Bone metastases (malignant growths in the bone) cause weakness and thinning of the bone, fractures, spinal compression, and pain. Some men require radiation to reduce growth of the metastases and surgery to stabilize weak or fractured bone, and many need pain medication.

Prostate cancer bone metastases are unpleasant and painful, and may lead to pathological fractures. Two drugs, however, have been found to help:

• Denosumab (Xgeva and Prolia) may prevent bone erosion and reduce the impact of cancer spread to bones by blocking RANK-Ligand, a substance that activates osteo­clasts.
• Radium-223 dichloride (Xofigo) is a radioactive drug that emits radiation (alpha particles) into bone metastases. Side effects include low blood counts, nausea, diarrhea, vomiting, and swelling of the leg, ankle, or foot.

Men taking these drugs need to be aware of a rare but serious side effect called osteonecrosis of the jaw. Make sure you discuss your medications with your dentist before starting these treatments or having any dental work.

Chemotherapy

The chemotherapy drug docetaxel (Taxotere) has been found to prolong survival among men with advanced prostate cancer. It may be used along with or after hormone therapy. Doctors administer docetaxel intravenously and in cycles.

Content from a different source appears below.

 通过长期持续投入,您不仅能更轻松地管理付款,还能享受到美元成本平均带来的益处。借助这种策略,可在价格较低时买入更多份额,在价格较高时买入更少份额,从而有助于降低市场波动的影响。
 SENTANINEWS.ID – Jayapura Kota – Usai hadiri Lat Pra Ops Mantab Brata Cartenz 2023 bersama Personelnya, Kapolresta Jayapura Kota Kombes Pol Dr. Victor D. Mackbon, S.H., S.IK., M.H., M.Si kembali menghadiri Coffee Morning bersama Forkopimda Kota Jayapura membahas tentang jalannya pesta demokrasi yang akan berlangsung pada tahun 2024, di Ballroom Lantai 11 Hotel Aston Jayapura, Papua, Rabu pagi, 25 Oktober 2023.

If docetaxel fails to help, a newer drug, cabazitaxel (Jevtana), may be used. Both prolong survival equally but Jevtana appears to be less toxic.

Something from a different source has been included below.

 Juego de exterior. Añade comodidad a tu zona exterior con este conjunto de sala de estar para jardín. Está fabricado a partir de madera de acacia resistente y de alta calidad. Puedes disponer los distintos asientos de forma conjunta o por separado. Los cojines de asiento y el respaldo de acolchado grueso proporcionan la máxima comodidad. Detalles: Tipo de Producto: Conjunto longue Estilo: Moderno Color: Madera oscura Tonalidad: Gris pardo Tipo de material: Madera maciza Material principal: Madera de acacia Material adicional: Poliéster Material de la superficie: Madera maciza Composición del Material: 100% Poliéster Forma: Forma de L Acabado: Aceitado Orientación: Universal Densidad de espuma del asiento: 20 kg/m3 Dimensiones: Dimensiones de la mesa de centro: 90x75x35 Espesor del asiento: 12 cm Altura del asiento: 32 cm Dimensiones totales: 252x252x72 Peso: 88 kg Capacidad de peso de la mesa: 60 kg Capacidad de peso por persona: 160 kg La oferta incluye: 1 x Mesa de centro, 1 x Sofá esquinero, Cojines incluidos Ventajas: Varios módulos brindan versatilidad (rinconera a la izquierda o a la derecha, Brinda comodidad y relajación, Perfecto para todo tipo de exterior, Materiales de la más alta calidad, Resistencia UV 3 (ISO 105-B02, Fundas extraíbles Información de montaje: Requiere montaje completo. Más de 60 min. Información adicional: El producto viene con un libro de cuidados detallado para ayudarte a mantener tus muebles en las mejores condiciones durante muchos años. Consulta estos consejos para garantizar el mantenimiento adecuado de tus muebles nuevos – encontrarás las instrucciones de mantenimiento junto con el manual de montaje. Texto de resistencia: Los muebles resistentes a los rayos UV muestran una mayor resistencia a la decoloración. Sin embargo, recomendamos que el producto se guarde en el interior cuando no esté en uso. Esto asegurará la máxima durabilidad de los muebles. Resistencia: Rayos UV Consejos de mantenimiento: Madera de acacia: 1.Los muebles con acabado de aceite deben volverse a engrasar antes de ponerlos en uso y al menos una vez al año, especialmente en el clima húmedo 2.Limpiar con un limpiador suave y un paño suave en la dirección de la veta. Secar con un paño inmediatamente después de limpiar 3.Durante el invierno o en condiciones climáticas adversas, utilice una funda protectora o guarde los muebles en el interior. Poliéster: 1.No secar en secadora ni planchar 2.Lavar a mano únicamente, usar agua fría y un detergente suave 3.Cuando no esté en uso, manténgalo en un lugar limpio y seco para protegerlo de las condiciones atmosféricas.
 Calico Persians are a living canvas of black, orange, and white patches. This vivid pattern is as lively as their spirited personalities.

Chemotherapy can harm normal cells and cause hair loss, nausea, vomiting, anemia, infections, kidney failure, numbness and tingling, fatigue, infertility, excessive bleeding, headaches, and joint pain. Bone marrow suppression is a serious risk, but close monitoring can pre-empt this.

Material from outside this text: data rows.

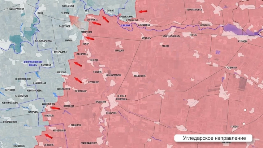 На Угледарском направлении ВС РФ освободили Поддубное – село в 5 км северо-западнее ранее освобожденного Комара и в 8 км к востоку от границы с Днепропетровской обл. Чтобы выйти на границу на этом участке, нашим войскам осталось взять село Андреевка-Клевцово. С мест сообщают и об освобождении села Толстой, а также форсировании реки Мокрые Ялы севернее Грушевского - так ВС РФ расширяют плацдарм на левом берегу реки Мокрые Ялы. Отсюда ВС РФ могут развивать наступление севернее линии Орехово-Новопавловка или южнее линий Шевченко-Малиевка или Шевченко-Камышеваха.
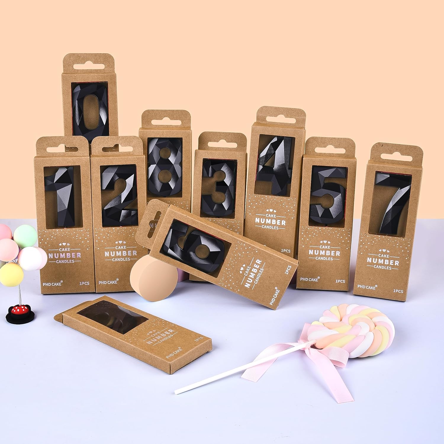 PHD CAKE 2.76 Inch Crystal Black 2 Number Birthday Candles, Black Number Candles, Cake Number Candles, Party Celebration
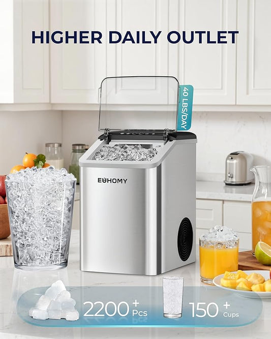 EUHOMY Nugget Ice Maker Countertop, Max 40lbs/Day, Auto-Cleaning, 2Qt Reservoir, Compact Sonic Ice Maker with 2.5lbs Basket and Scoop, Soft Chewable Nugget Ice for Home/Party/RV/Camping (Stainless)

A study in the New England Journal of Medicine followed 790 men with metastatic, hormone-sensitive prostate cancer and concluded that “six cycles of docetaxel at the beginning of ADT for metastatic prostate cancer resulted in significantly longer overall survival than that with ADT alone.” Men treated with the ADT-docetaxel regimen survived an average of 57.6 months, compared to 44 months for those on ADT alone.

Hormonal Therapy (ADT) with Chemotherapy

In men with metastatic cancer, hormonal therapy may be combined with chemotherapy. A study published in The Lancet randomized 385 men with metastatic cancer to two treatment groups.

The first received ADT alone, the second ADT plus docetaxel (chemotherapy). Men given ADT alone lived, on average, 44 months; those treated with the ADT/chemotherapy combination lived an average 58 months. Improvements were best in the more advanced cancers.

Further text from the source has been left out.